On the 9th of November, a memo addressed to all departments from the Provincial Medical Officer (PMO) for Matabeleland South was issued. It read as follows: “Notice is hereby given that Beitbridge District Hospital has temporarily suspended mortuary operations with immediate effect. The decision has been brought about as a result of the lengthy power cuts and high temperatures being experienced hence rendering the mortuary equipment non-functional. As a result of this, no new bodies will be accepted for storage in the mortuary”. So this is one of the latest developments to rock the health sector. Let us also look at some of what has been happening in the health sector.

The Local Doctors Situation

Due to paltry monthly salaries doctors, just like most civil servants, had been pursuing industrial action for quite a while now (since the 3rd of September). We have to appreciate that doctors have had to deal with some of the most perplexing situations imaginable. For starters, you are getting a low salary right? Regardless, due to your passion for the medical profession by saving lives, you still report for work. There are many doctors I know who kept reporting for work despite others choosing to stay away. You report for work and the working conditions are extremely dire i.e. power cuts, under-staffing, consumables and drugs in short supply or not available at all.

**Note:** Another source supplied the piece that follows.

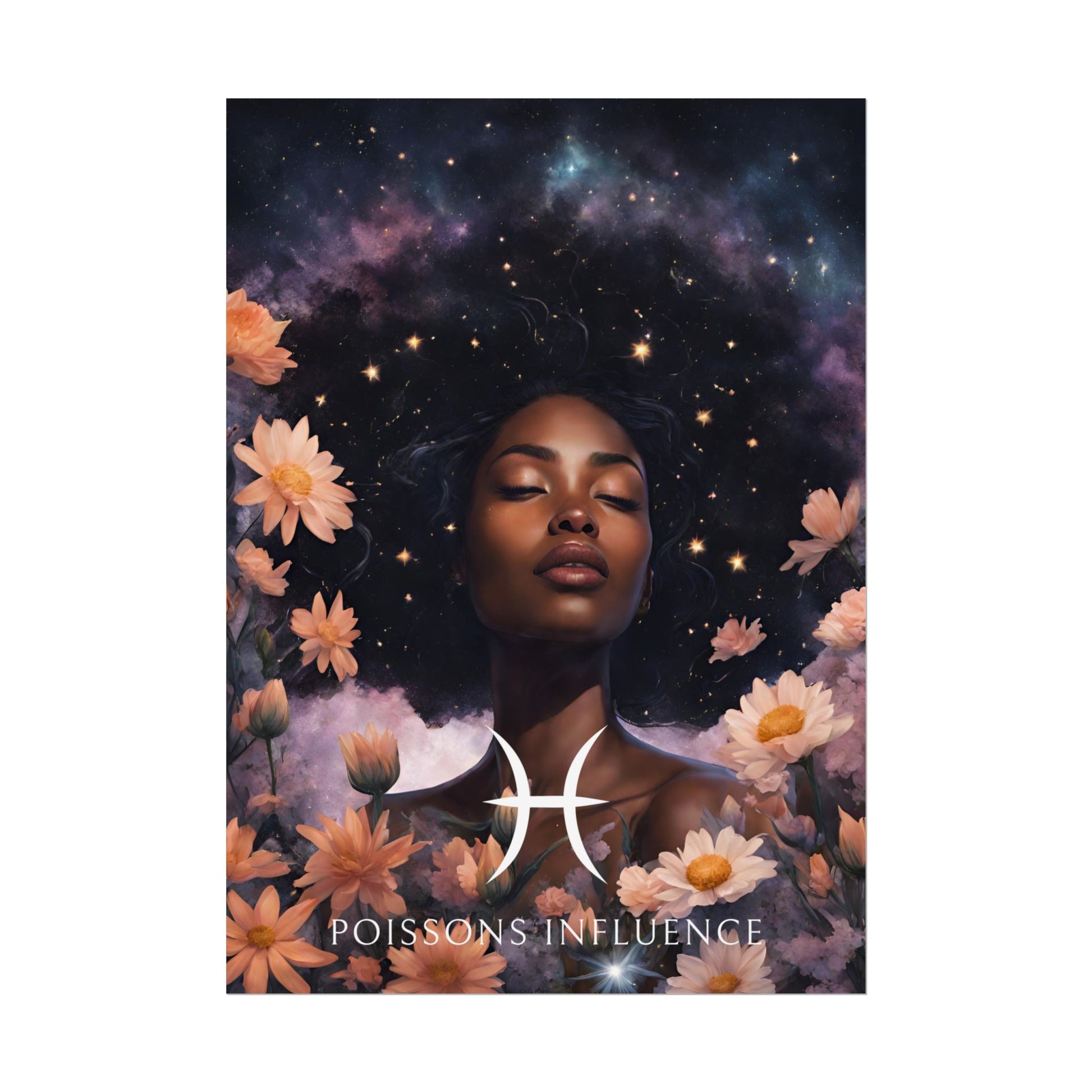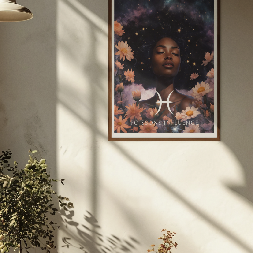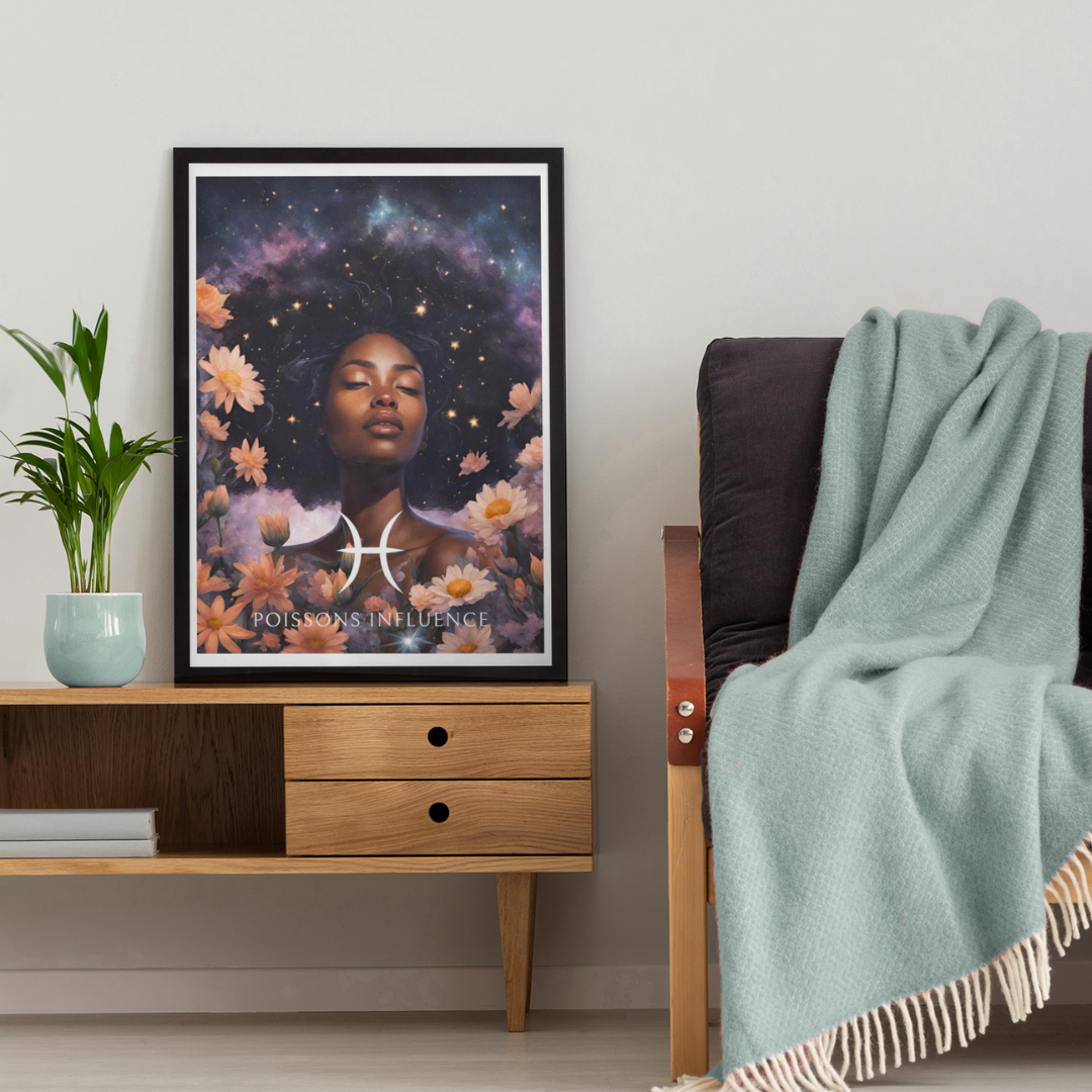 Apportez une atmosphère douce et rêveuse à votre intérieur avec ce poster spécialement conçu pour les femmes nées sous le signe des Poissons. Entourée de fleurs sous un ciel étoilé, Imani incarne l'essence de ce signe d'eau, sensible et créatif.

Most doctors have had to contend with scenarios where patients end up passing on or being sent back home simply because they cannot help them. Do not forget that while all this is happening, the economy is still free-falling. Prices of goods and services have continued to spike, the local currency has continued to weaken against the US dollar; not to mention 18-hour daily power cuts and so on. This has seen doctors being forced to continue striking only that this time some unfortunate action has been taken against them.

The Deputy Minister of Information, Publicity and Broadcasting Services recently tweeted saying: “Striking doctors can be rest assured that once dismissed there will be no re-hiring. No one is above the law no matter the profession and if the court says go back to work you must comply. The government will also blacklist the money mongering doctors so they are not employable elsewhere”.  It is quite disturbing to see such happening because instead of addressing the plight of the doctors they are punishing them for airing their grievances. Sure enough, some doctors have been dismissed with some already setting their sights on other countries for employment. The massive brain drain the health sector is going to experience is crippling.

Some Heart-Breaking Accounts Of Loss

I will give just two accounts of the loss of lives as a result of challenges occurring in the health sector. The first story is as follows: “Yesterday I had a cousin who was in labour and had to be taken to Chitungwiza Hospital. This was after Mabvuku Hospital had denied admitting her citing that there was no doctor present to assist. When she got to Chitungwiza Hospital she could not be admitted before payment of a Ward fee and other costs. The unborn baby ended up defecating in the uterus due to all these delays. They had to do an operation upon payment of US$300 – which was a struggle. At around 5 pm it was indicated that the baby was severely fatigued and at around 8 pm the baby passed on.

The other account is of a man who lost both his wife and their unborn child. Due to the absence of doctors and power amongst other factors, the expecting mother could not be attended to in time. The husband remarked on how shocked he was to be told that the wife had passed on yet she was still pregnant. In essence, she passed away without having even managed to give birth – incredibly sad indeed!

So this is what is happening in the health sector. With some hospitals suspending mortuary operations it becomes quite alarming because things are spiralling downwards. Deaths are going to be inevitable due to the porous service at health care facilities. How then will dead bodies be dealt with? After all, is said and done, the health sector is definitely in a state of emergency and urgent measures must be put in place to address the prevailing issues.